Patricia Highsmith y la simplicidad del mal

Patricia Highsmith y la simplicidad del mal

Javier Aranda Luna

Patricia Plangman alza los brazos para mostrar sus senos firmes, desnudos. Es 1942, acaba de dejar la universidad y la retrata su amigo Rolf Tietgens. Ella tiene 21 años y le gusta leer a Kafka en voz alta. Escribe textos de cómics para poder tener una vivienda con baño ( Captain Midnight, Spy Smasher y Golden Arrow). Lee a Poe, Conrad, Dostoyevski la impacta.

Ocho años después publica su primera novela. La portada es sencilla pero le gusta. Sobre el fondo rojo sobresalen los dibujos de un puñado de cartas, un revólver y un compás. A la semana de estar en librerías Alfred Hitchcock, que ya es toda una leyenda en la industria cinematográfica con más de 40 cintas, lee de un tirón la novela y pide a su asistente que compre los derechos. No quiere que su fama lo obligue a pagar demasiado.

La autora es Patricia Highsmith, el seudónimo de Patricia Plangman. Aunque la avaricia de Hitchcock resulta escandalosa (pagó 7 mil 500 dólares y la cinta recaudó en un año más de 700 millones de dólares), Highsmith nunca se quejó. El libro se vendió como nunca y otros cineastas voltearon a ver su trabajo.

Algunos críticos han querido encontrar en la rapidez de los diálogos y las descripciones muchas veces sugeridas en las novelas de Highsmith la influencia del cine en su obra. Lo cierto es que ella nunca fue una aficionada al cine y la concisión del lenguaje y la agilidad de diálogos tienen que ver más, me parece, con su aprendizaje en la escritura de cómics, donde la imaginación del lector termina de construir los discursos narrativos y lo visual es apenas un parpadeo. Los cómics de los 40, hay que decirlo, eran a su manera literarios y no como ahora un ramillete de onomatopeyas por página.

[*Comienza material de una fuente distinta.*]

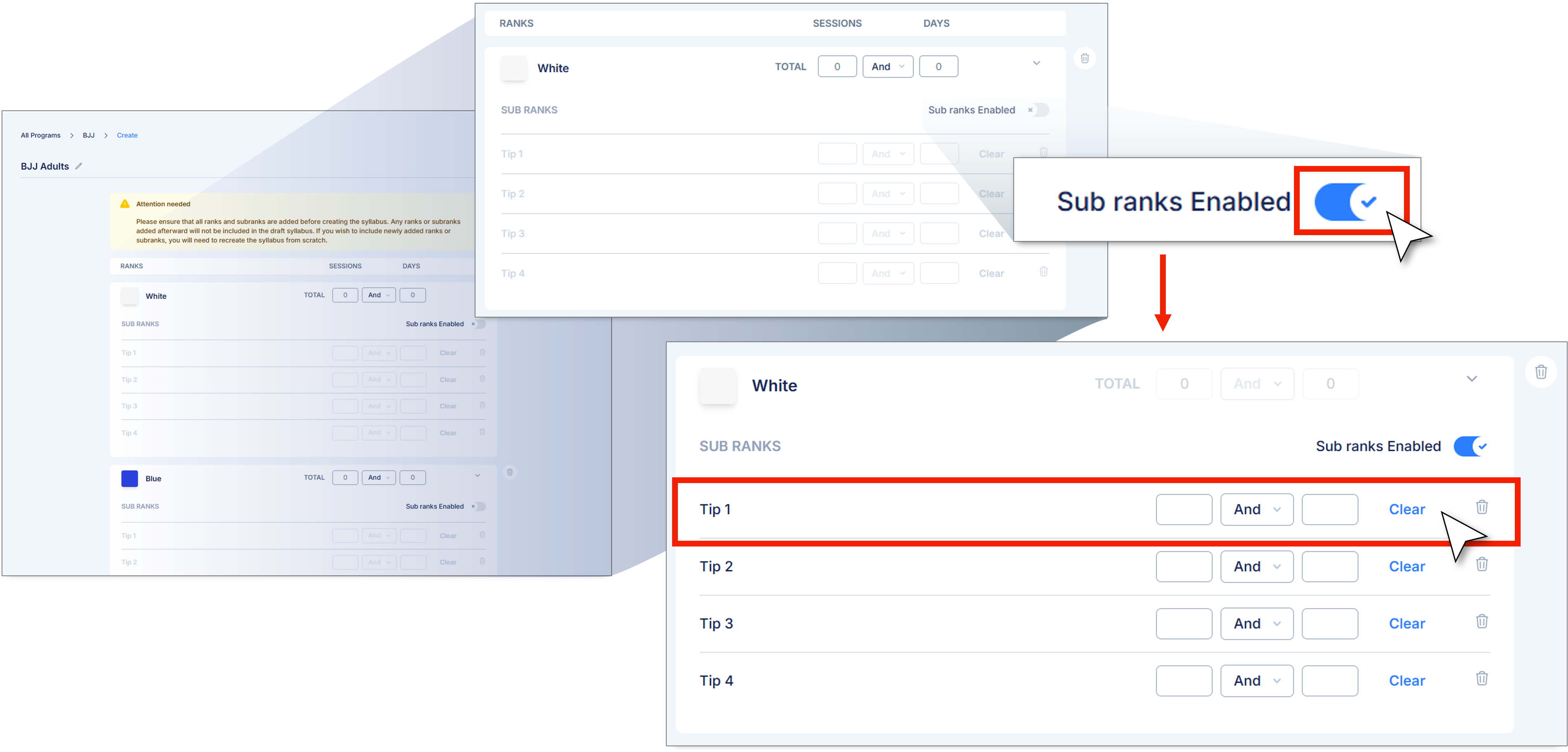 Note: When working with sub ranks, you'll need to enable them in order to assign specific sessions and days.

Según el cineasta Wim Wenders –quien llevó a la pantalla El amigo americano–, al leer las historias de Highsmith nos observamos a nosotros mismos. De una pequeña mentira inocente se deriva de golpe una historia horrible y lo terrible es que puede ocurrirnos a todos. Es por ello por lo que sus historias son verdaderas, por lo que casi hablan de la verdad, pese a toda la ficción. Constatan que las pequeñas cobardías y la indulgencia mediocre hacia uno mismo o hacia los demás son las cosas más peligrosas que hay.

Rafael Calero ha escrito que en Extraños en un tren se encuentran todos los ingredientes del universo de Highsmith: la falta de escrúpulos morales de sus personajes la débil frontera que separa lo que está socialmente aceptado de lo que no está y la más débil entre el bien y el mal. Es cierto. A la escritora, además, no le interesan los sermones dentro de la novela, sino la explicación sicológica del mal que parece surgir a veces sin por qué.

Dice Bruno, uno de los protagonistas de Extraños en un tren: “Cualquier per-sona es capaz de asesinar. Es puramente cuestión de circunstancias, sin que tenga absolutamente nada que ver con el temperamento. La gente llega hasta un límite determinado… y sólo hace falta algo, cualquier insignificancia, que les empuje a dar el salto. Cualquier persona”.

Ajena al circo literario, Patricia Highsmith dejó su país y lo que representa el sueño americano. Pro palestina, tuvo su corazón del lado izquierdo y su preferencia sexual la llevó a escribir su segunda novela, El precio de la sal, en 1952, con el seudónimo de Claire Morgan, donde aborda la relación de dos lesbianas. Sólo después de 37 años la publicó con su nombre con el título de Carol.

Enrique Vila-Matas –un novelista con abundantes referencias literarias en sus libros– envidiaba que Highsmith pudiera ser una escritora tan astutamente simple, y que además se divirtiera al escribir.

En el centenario de su nacimiento, Patricia Highsmith cada día escribe mejor. Le bastan Extraños en un tren y su serie sobre Ripley para seguir acompañándonos por muchos años más.